*** Information supplied ***
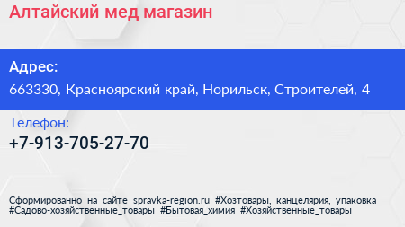 Алтайский мед, магазин по адресу 663330, Красноярский край, Норильск, Строителей, 4 в дальнейшем Организация, размещена в следующих категориях:
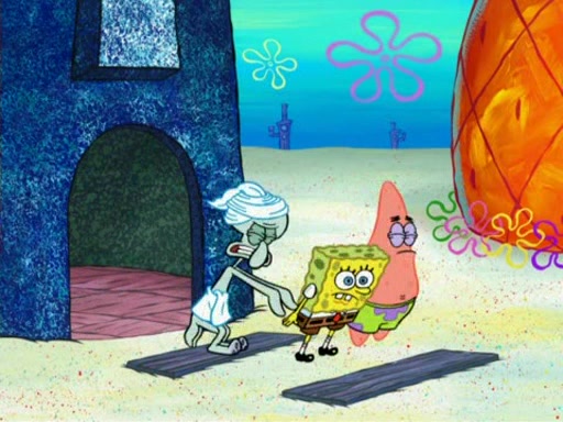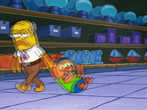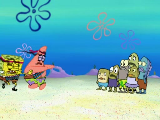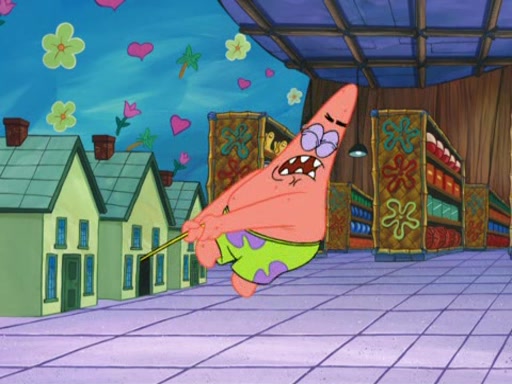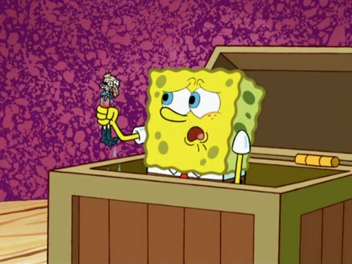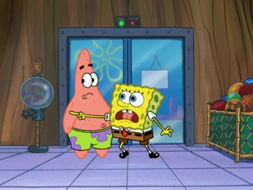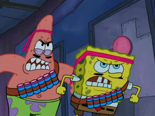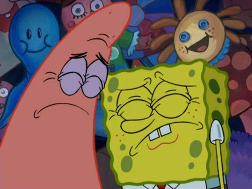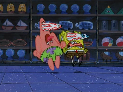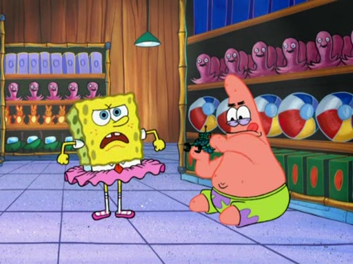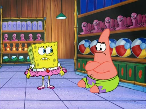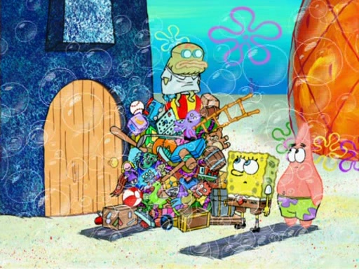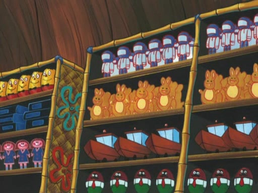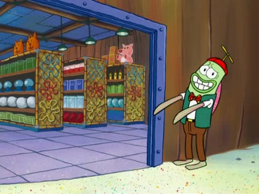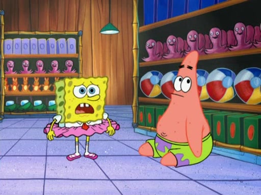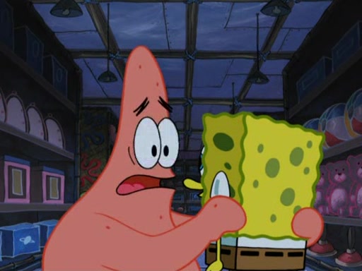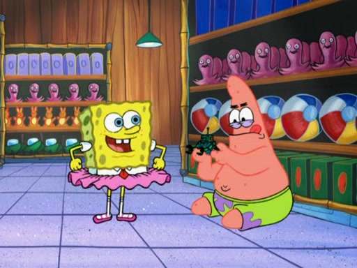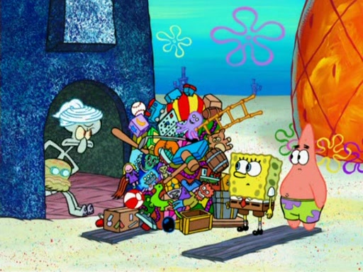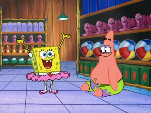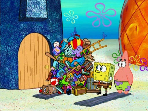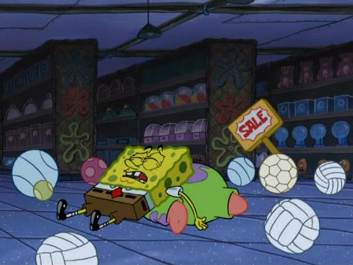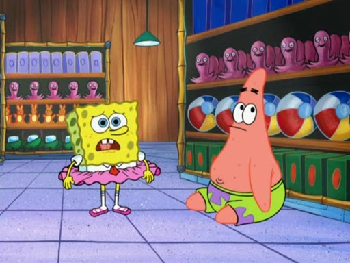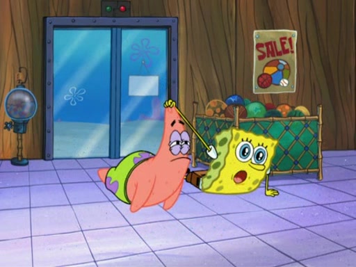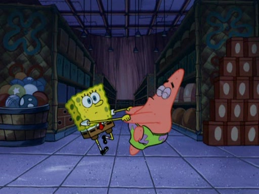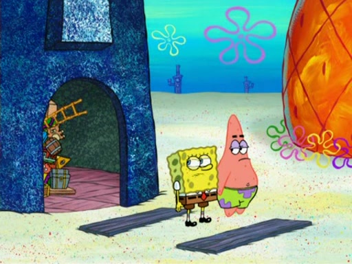 SpongeBob and Patrick are very bored and have nothing to do. SpongeBob walks over to a toy chest and starts rummaging through it, but doesn't find anything that interests him or Patrick. SpongeBob finds a Mermaid-Man toy, but it is unfortunately chewed up. It then reveals that they were in Squidward's house, and he kicks them out. Then they start walking, trying to find something to do. While they are walking, they find some signs introducing something. They follow the signs to a newly opened Toy Barrel. At first, it isn't there, which makes the two cry. It appears soon afterward, courtesy of a crane. The construction worker throws Patrick inside, and SpongeBob throws himself. They spend the entire day singing songs. To their disappointment, the Toy Barrel closes just after they finish singing. Patrick formulates a plan to hide in the dollhouses when the police check the toy store so they can have the Toy Barrel all to themselves. They become jolly until the lights turn off, which scares the duo. Soon, they see a shadow coming, so SpongeBob decides to fight back. They dress up like soldiers, preparing to fight the shadow. This does them no good. It was just Patrick's old wind-up robot. Just as the store is about to open, the two rush outside. The episode ends with Patrick saying “Hey! It’s open! I love toys!"
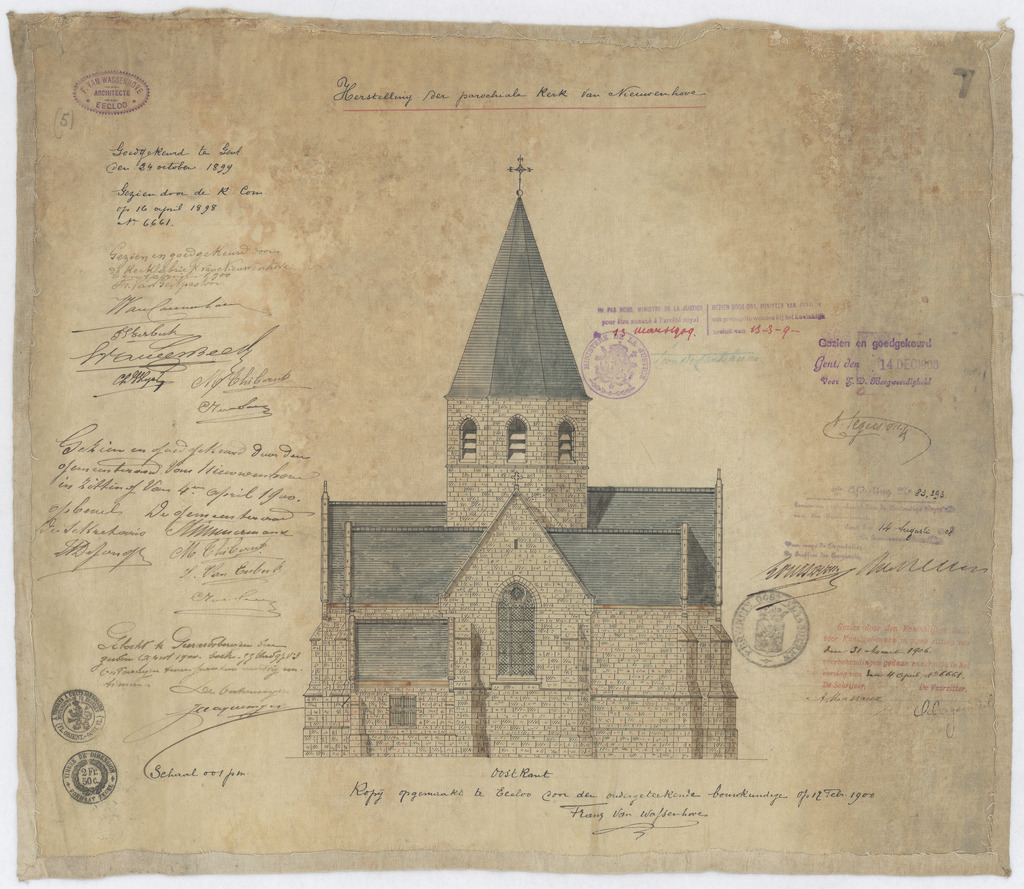 Opschrift: Herstelling aan de parochiale kerk van Nieuwenhove. Omschrijving plan: opstand O-gevel Datum KCML: 31-3-1906 Archiefnummer: O0482
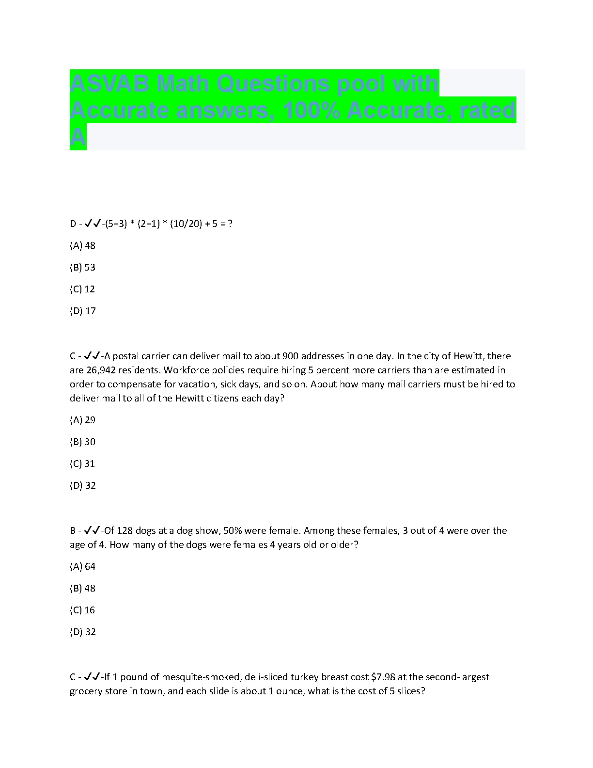 ASVAB MATH POOL QUESTIONS WITH ACCURATE ANSWERS RATED A 2024ASVAB MATH POOL QUESTIONS WITH ACCURATE ANSWERS RATED A 2024
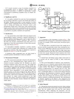 ASTM D5149-02(2016) is a standard published by ASTM International. Its full title is "Standard Test Method for Ozone in the Atmosphere: Continuous Measurement by Ethylene Chemiluminescence". This standard covers: SIGNIFICANCE AND USE 4.1 Air quality standards for ozone have been promulgated by government authorities to protect the health and welfare of the public. Though ozone itself is a toxic material, it is often complex organic compounds that cause the symptoms of smog such as tearing and burning eyes. However, ozone is the predominant oxidant and is much more easily monitored than organic species. Since ozone concentrations are also correlated with other photochemical oxidant levels, it is the substance that is specified in air quality standards and regulations. SCOPE 1.1 This test method describes the sampling and continuous analysis of the ozone content of the atmosphere at concentrations of 20 to 2000 μg of ozone/m3 (10 ppb (v) to 1 ppm (v)). 1.2 This test method is limited in application by its sensitivity to interferences as described below. This test method is not suitable for personal sampling because of instrument size and sensitivity to vibration and ambient temperature. 1.3 This standard does not purport to address all of the safety concerns, if any, associated with its use. It is the responsibility of the user of this standard to establish appropriate safety and health practices and determine the applicability of regulatory limitations prior to use. Some specific precautionary statements are presented in Section 8.
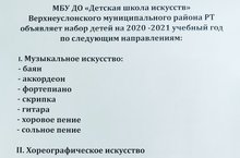 Верхнеуслонского муниципального района РТ объявляет набор детей на 2020 -2021 учебный год
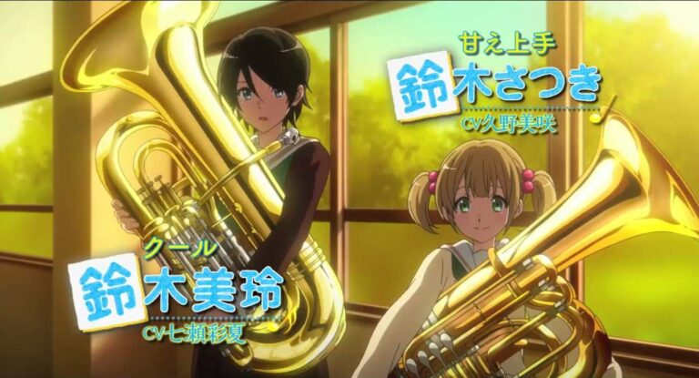 Kiri: Ayaka Nanase sebagai Mirei Suzuki (kelas satu, pemain tuba); Kanan: Misaki Kuno sebagai Satsuki Suzuki (kelas satu, pemain tuba)
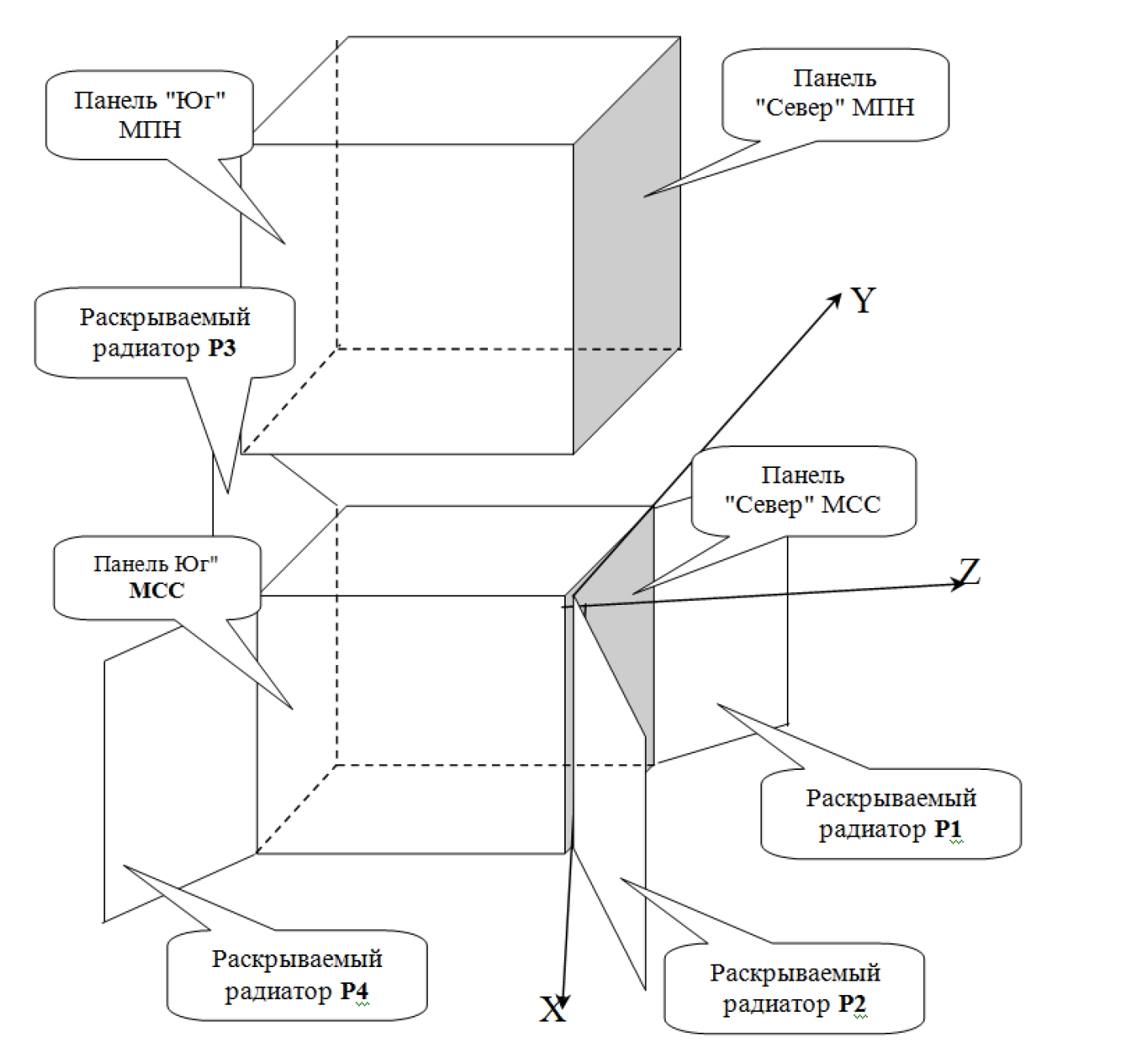 Дополнительные радиационные поверхности могут быть выполнены в виде откидных панелей-радиаторов, при этом угол наклона раскрываемых радиаторов предпочтительно должен составлять ~20° к панелям ±Z.
***
> [What needs to be done]: Go through the entries and retype them exactly, except for the images.

> [Written solution]:
 Алтайский мед, магазин по адресу 663330, Красноярский край, Норильск, Строителей, 4 в дальнейшем Организация, размещена в следующих категориях:
 SpongeBob and Patrick are very bored and have nothing to do. SpongeBob walks over to a toy chest and starts rummaging through it, but doesn't find anything that interests him or Patrick. SpongeBob finds a Mermaid-Man toy, but it is unfortunately chewed up. It then reveals that they were in Squidward's house, and he kicks them out. Then they start walking, trying to find something to do. While they are walking, they find some signs introducing something. They follow the signs to a newly opened Toy Barrel. At first, it isn't there, which makes the two cry. It appears soon afterward, courtesy of a crane. The construction worker throws Patrick inside, and SpongeBob throws himself. They spend the entire day singing songs. To their disappointment, the Toy Barrel closes just after they finish singing. Patrick formulates a plan to hide in the dollhouses when the police check the toy store so they can have the Toy Barrel all to themselves. They become jolly until the lights turn off, which scares the duo. Soon, they see a shadow coming, so SpongeBob decides to fight back. They dress up like soldiers, preparing to fight the shadow. This does them no good. It was just Patrick's old wind-up robot. Just as the store is about to open, the two rush outside. The episode ends with Patrick saying “Hey! It’s open! I love toys!"
 Opschrift: Herstelling aan de parochiale kerk van Nieuwenhove. Omschrijving plan: opstand O-gevel Datum KCML: 31-3-1906 Archiefnummer: O0482
 ASVAB MATH POOL QUESTIONS WITH ACCURATE ANSWERS RATED A 2024ASVAB MATH POOL QUESTIONS WITH ACCURATE ANSWERS RATED A 2024
 ASTM D5149-02(2016) is a standard published by ASTM International. Its full title is "Standard Test Method for Ozone in the Atmosphere: Continuous Measurement by Ethylene Chemiluminescence". This standard covers: SIGNIFICANCE AND USE 4.1 Air quality standards for ozone have been promulgated by government authorities to protect the health and welfare of the public. Though ozone itself is a toxic material, it is often complex organic compounds that cause the symptoms of smog such as tearing and burning eyes. However, ozone is the predominant oxidant and is much more easily monitored than organic species. Since ozone concentrations are also correlated with other photochemical oxidant levels, it is the substance that is specified in air quality standards and regulations. SCOPE 1.1 This test method describes the sampling and continuous analysis of the ozone content of the atmosphere at concentrations of 20 to 2000 μg of ozone/m3 (10 ppb (v) to 1 ppm (v)). 1.2 This test method is limited in application by its sensitivity to interferences as described below. This test method is not suitable for personal sampling because of instrument size and sensitivity to vibration and ambient temperature. 1.3 This standard does not purport to address all of the safety concerns, if any, associated with its use. It is the responsibility of the user of this standard to establish appropriate safety and health practices and determine the applicability of regulatory limitations prior to use. Some specific precautionary statements are presented in Section 8.
 Верхнеуслонского муниципального района РТ объявляет набор детей на 2020 -2021 учебный год
 Kiri: Ayaka Nanase sebagai Mirei Suzuki (kelas satu, pemain tuba); Kanan: Misaki Kuno sebagai Satsuki Suzuki (kelas satu, pemain tuba)
 Дополнительные радиационные поверхности могут быть выполнены в виде откидных панелей-радиаторов, при этом угол наклона раскрываемых радиаторов предпочтительно должен составлять ~20° к панелям ±Z.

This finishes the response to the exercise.